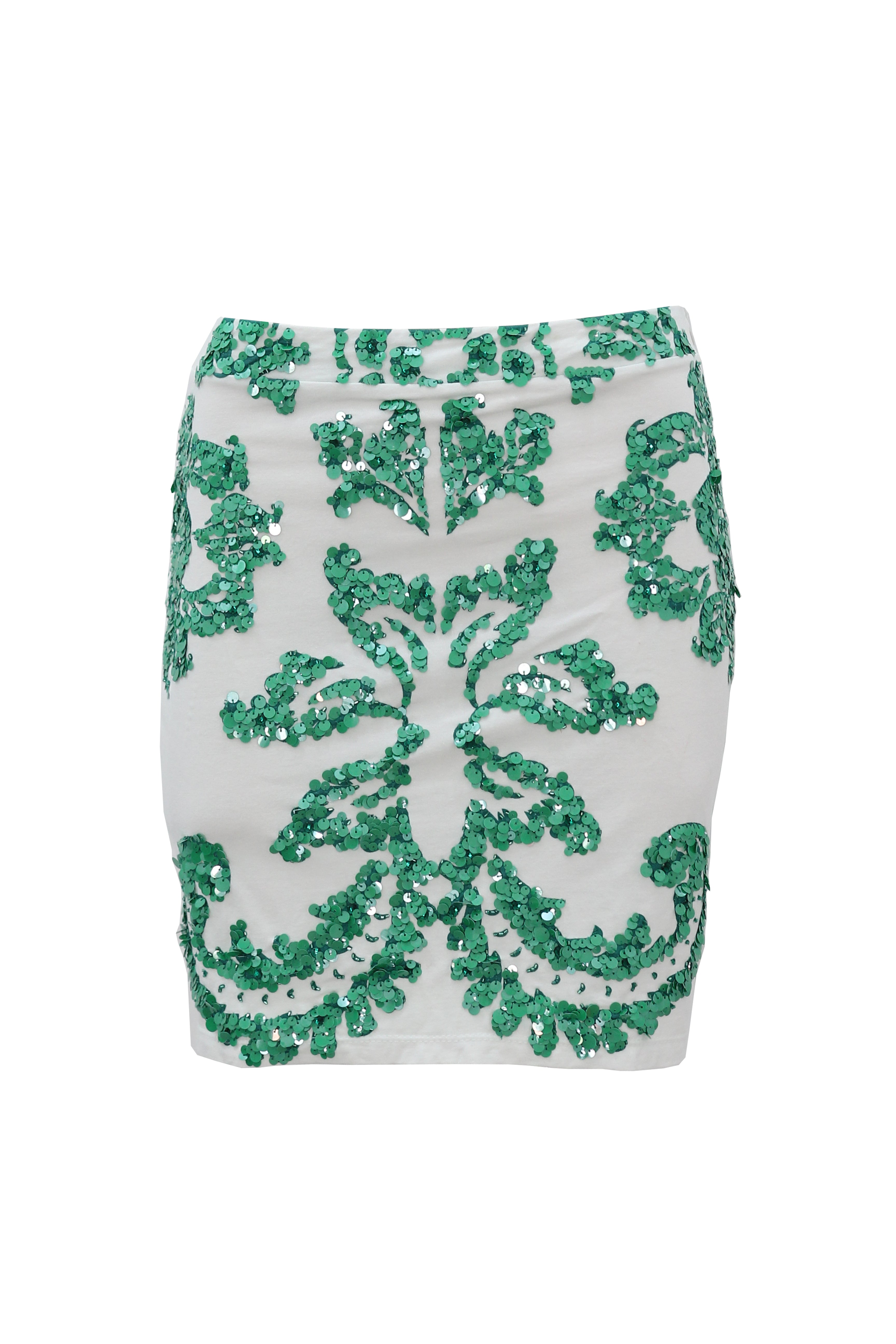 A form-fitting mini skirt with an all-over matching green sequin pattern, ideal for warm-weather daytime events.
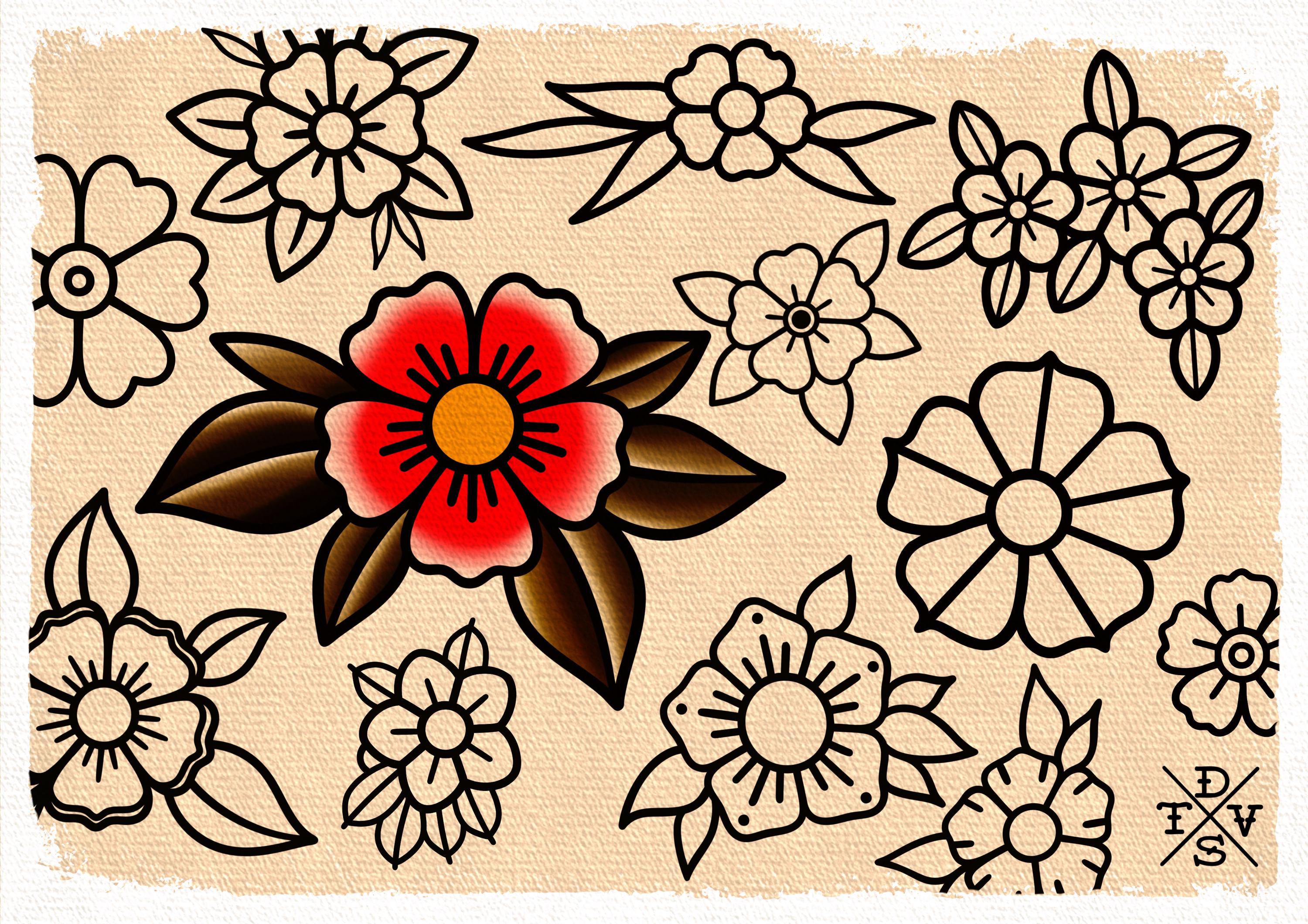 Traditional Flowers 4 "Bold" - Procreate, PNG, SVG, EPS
────────────────────────────────────────
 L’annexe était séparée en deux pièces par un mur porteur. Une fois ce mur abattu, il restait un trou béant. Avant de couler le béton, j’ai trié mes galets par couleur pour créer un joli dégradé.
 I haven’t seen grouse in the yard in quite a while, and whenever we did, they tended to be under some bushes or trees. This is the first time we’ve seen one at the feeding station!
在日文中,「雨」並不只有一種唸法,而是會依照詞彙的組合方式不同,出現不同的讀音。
────────────────────────────────────────
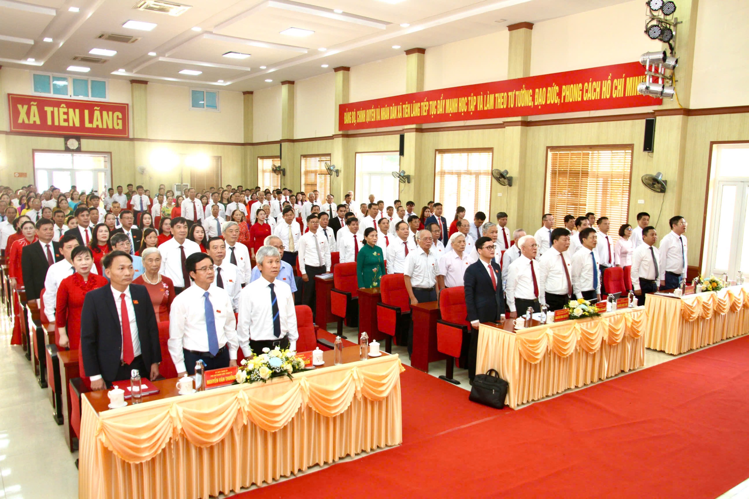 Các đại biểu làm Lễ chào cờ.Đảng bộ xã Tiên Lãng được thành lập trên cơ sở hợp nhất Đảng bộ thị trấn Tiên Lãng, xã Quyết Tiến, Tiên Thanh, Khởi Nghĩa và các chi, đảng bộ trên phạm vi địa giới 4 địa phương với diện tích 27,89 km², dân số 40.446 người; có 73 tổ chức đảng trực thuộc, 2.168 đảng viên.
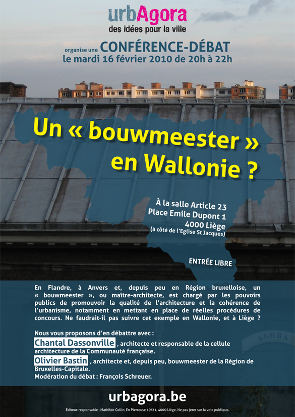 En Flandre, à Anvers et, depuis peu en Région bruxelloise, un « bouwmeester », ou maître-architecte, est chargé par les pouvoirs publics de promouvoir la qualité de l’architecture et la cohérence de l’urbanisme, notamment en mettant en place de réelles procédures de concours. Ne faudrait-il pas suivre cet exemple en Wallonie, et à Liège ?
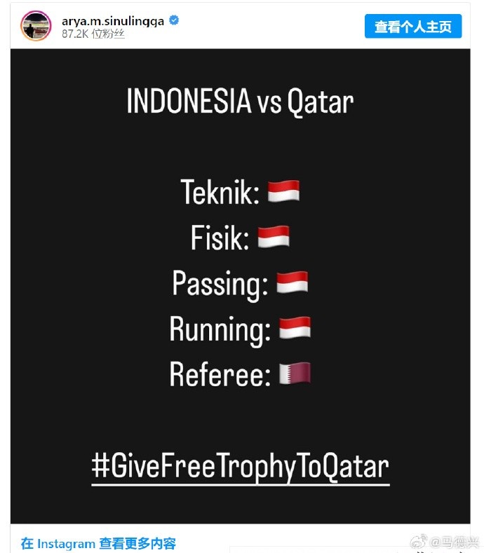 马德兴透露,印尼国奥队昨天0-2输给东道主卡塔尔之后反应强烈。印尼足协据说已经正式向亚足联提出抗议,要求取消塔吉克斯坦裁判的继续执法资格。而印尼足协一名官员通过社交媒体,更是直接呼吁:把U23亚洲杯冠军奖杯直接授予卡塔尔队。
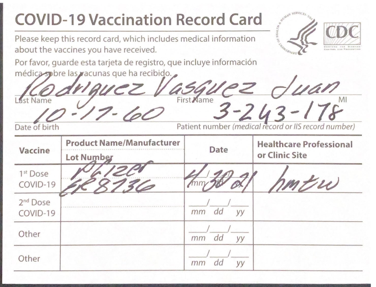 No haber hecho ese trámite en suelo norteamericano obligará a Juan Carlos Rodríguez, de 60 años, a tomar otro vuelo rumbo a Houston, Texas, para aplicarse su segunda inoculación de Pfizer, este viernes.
────────────────────────────────────────
Task brief:
In the data above, find the line containing "A form-fitting mini" and the line containing "Traditional Flowers 4". Repeat those two lines and everything between them exactly, minus the pictures.

Written solution:
 A form-fitting mini skirt with an all-over matching green sequin pattern, ideal for warm-weather daytime events.
 Traditional Flowers 4 "Bold" - Procreate, PNG, SVG, EPS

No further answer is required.